First, let's finish filling in some information. If angle AED is 70, then angle BEC must also be 70. Since their sum is 140, the leftover degrees must add up to 220. Since angles AEB and DEC are equal, that means they are each 110 degrees. Angles EDC and ECD must also be equal, so they are both (180 - 110)/2 or 35 degrees. Since ADE and EDC are complimentary, angle ADE must be 55 degrees. Angle EAD is also 55 degrees. Now that we've finished that, we can begin solving for AE.
Seperate this into two triangles, bisected by line segment AC. The angles for this triangle are EAD (55 degrees), DCE (35 degrees), and ADC (90 degrees). If DC is 15, we can solve for AC by taking the 15/cos(35). AE is one half of that, so it must be B.

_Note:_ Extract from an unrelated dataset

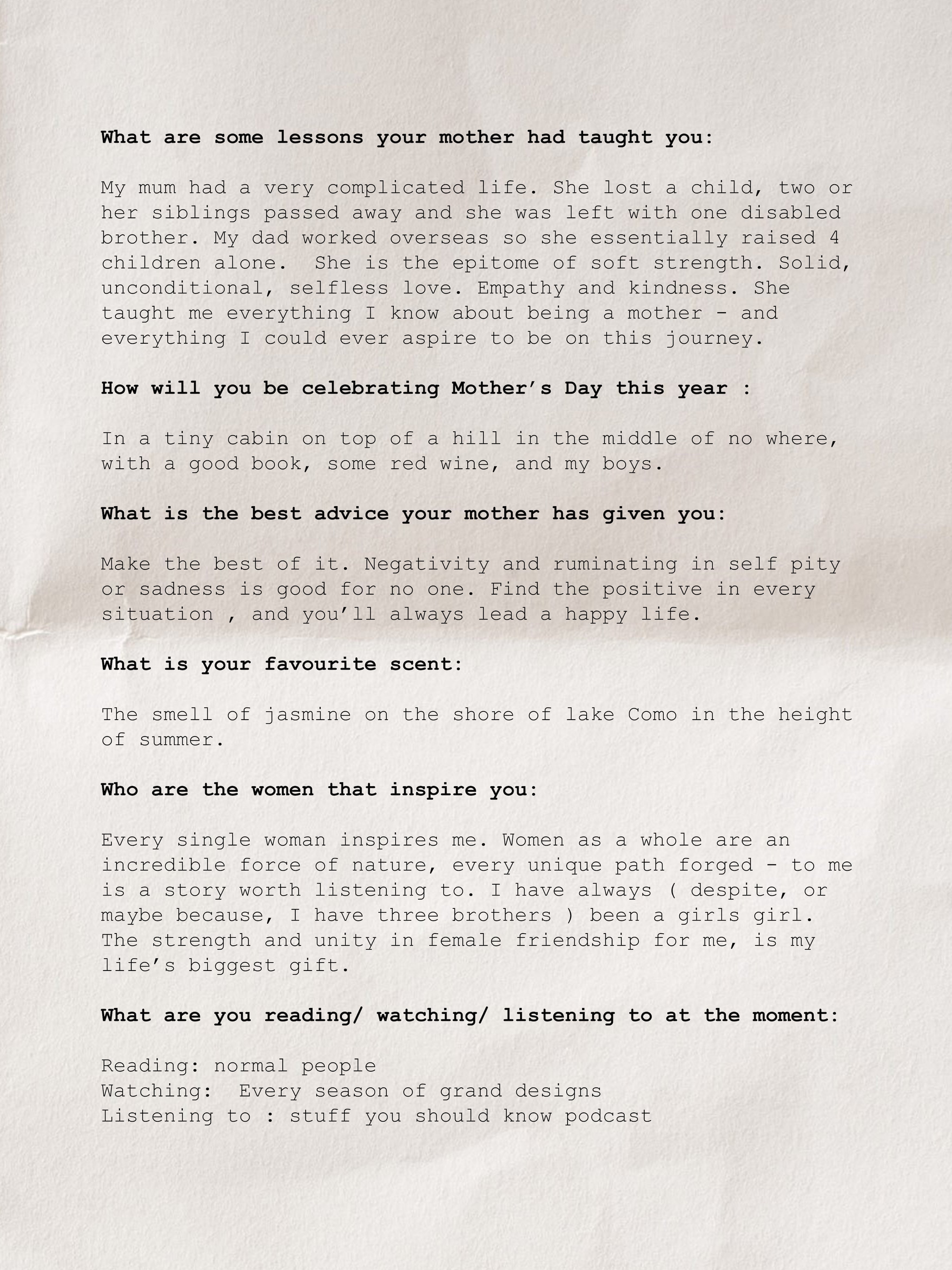 With the birth of her first child Fox, Emily shares with us how she is spending Mother’s Day this year and pearls of wisdom from her own mother.

14. We already determined this was D.
15. We already determined this was C.
16. This one must be 90 degrees.
In question 13, the diagonals of a rectangle bisect each other, so it's pretty obvious what AE is.
In question 14, the angles at the corners measure 90 degrees. So the adjacent angle to 55 degrees must be 35 degrees. The supplementary angle to 70 degrees is 110 degrees, so you have a triangle with angles 35, 110 and you can figure out the third. (gotta total 180, you know)''
In question 15, triangle AED is isosceles with a vertex angle of 70 degrees. That leaves 110 degrees to be divided equally among the base angles.
In question 16, a rectangle has 4 right angles.